It Feels Different This Time—but It Probably Isn’t
No matter how often market volatility strikes, behavior can be hard to manage with amplified uncertainty.
Life—and investing—comes with its share of unpleasant realities. One of the most infamous of these is behind the latest reality that is roiling the markets: taxes.
Tariffs are taxes on American consumers. They’re a blunt policy tool, often ill-suited for addressing complex real-world problems. The administration’s steep and reckless tariffs have sent global markets into upheaval and have been termed “a self-inflicted catastrophe” by Morningstar’s senior US economist.
For investors accustomed to dealing with unpleasant facts, self-inflicted damage is particularly hard to understand and endure. Volatility in markets is expected and normal, but the current situation feels like neither.
Have We Learned Anything From Previous Market Volatility?
One would hope previous experiences with market volatility would prepare us for the next round.
After all, once we’ve heard an impactful story, we don’t tend to forget how it ends. However, it can be difficult to see how each round of volatility is the same story of typical market patterns when the inciting events seem so different. For example, in 2020, investors knew intellectually that they (and the markets) had survived the last round of market volatility, but they were sent reeling because they had never faced pandemic-fueled volatility before.
Because every round of volatility feels so different, we try to reconstruct the narrative when we encounter it. So, we start by asking, “Why is this happening?” and “What should I do?”

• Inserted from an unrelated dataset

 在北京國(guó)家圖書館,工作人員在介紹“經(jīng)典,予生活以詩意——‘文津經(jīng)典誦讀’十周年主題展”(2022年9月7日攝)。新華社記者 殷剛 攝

There are always different answers to the first question; some reasons for volatility are harder to make sense of than others. This “self-inflicted catastrophe” might be the hardest to swallow yet, but that doesn’t change the answer to, “What should I do?”
“For investors accustomed to dealing with unpleasant facts, self-inflicted damage is particularly hard to understand and endure. Volatility in markets is expected and normal, but the current situation feels like neither.”

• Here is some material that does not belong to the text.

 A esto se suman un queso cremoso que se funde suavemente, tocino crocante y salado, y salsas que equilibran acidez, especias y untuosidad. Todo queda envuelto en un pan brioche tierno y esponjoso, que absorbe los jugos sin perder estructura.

Our Advice to Investors: Do What Feels Unnatural
Regardless of how different it feels this time, our guidance to investors remains the same:
- block out the noise,
- focus on your goals and what you have control over,
- don’t try to predict or time the markets, and
- stay the course.
From the standpoint of behavioral science, we know being an investor is hard. It requires people to do at least two somewhat unnatural things: delay gratification by saving instead of spending and embrace uncertainty.

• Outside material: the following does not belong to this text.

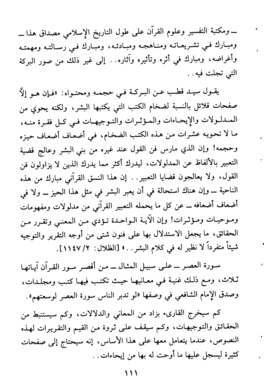 يقول سيد قطب عن البركة فى حجمه ومحتواه: «فإن هو إلّا صفحات قلائل بالنسبة لضخام الكتب التى يكتبها البشر، ولكنه يحوى من المدلولات والإيحاءات والمؤثرات والتوجيهات فى كل فقرة منه، ما لا تحويه عشرات من هذه الكتب الضخام، فى أضعاف أضعاف حيزه وحجمه! وإن الذى مارس فن القول عند غيره من بنى البشر وعالج قضية التعبير بالألفاظ عن المدلولات، ليدرك أكثر مما يدرك الذين لا يزاولون فن القول، ولا يعالجون قضايا التعبير .. إن هذا النسق القرآنى مبارك من هذه الناحية- وإن هناك استحالة فى أن يعبر البشر فى مثل هذا الحيز- ولا فى أضعاف أضعافه- عن كل ما يحمله التعبير القرآنى من مدلولات ومفهومات وموحيات ومؤثرات! وإن الآية الواحدة تؤدى من المعنى وتقرر من الحقائق، ما يجعل الاستدلال بها على فنون شتى من أوجه التقرير والتوجيه شيئا متفردا لا نظير له فى كلام البشر .. » [الظلال: 2/ 1147].

Humans are not naturally wired for either of these approaches, so this requires practice and discipline. But although unnatural, saving and fortitude pay off in the long run as investors can build up wealth and make their money work for them.
Sure, the ride is not always smooth. But over the long run, economies grow, technology and trade develop, and an increasingly interconnected system emerges that creates widespread (but not evenly distributed) wealth with widespread benefits. Huge tax increases are disruptive to that progress and have understandably shaken investors’ confidence, creating the increase in uncertainty. (The last time a de facto massive national tax increase was tried in the US was in 1933, and its effects just deepened and prolonged the Great Depression, disrupting economic progress, to say the least.)
Yet, our guidance stands the same as ever because even though it feels different this time, it likely is not. Market volatility is inherent in investing, regardless of its source. We’ve endured volatility before, and evidence repeatedly shows that trying to time the market by making exits and entries underperforms staying the course.
Right now, investors are asking themselves difficult questions. What is the administration thinking? How will the markets and other countries react? What is a narrative that ties all of this together? What will happen next? People want to understand the story they’re in so they can feel confident about their actions. Here, the reality may be that this story is not as simple as we’d like, but in any case, the best action is to hold tight.
As for what’s going to happen next, we don’t know. Nor does anyone else, really. But it’s worth remembering that good investing is not about having a crystal ball and knowing what will happen next.
Investing is, as it always has been, about having discipline, finding value, seeking diversification, and having the tenacity to endure the inescapable uncertainty of investing and take a long-term perspective.
We don’t know exactly how artificial intelligence technology will disrupt labor markets, or how climate change will affect weather and food production, or how a nascent virus mutation will manifest and disturb transportation networks, or even what the current administration will do next. But the long-term principles of investing remain the same, even in the face of amplified (and self-inflicted) uncertainty.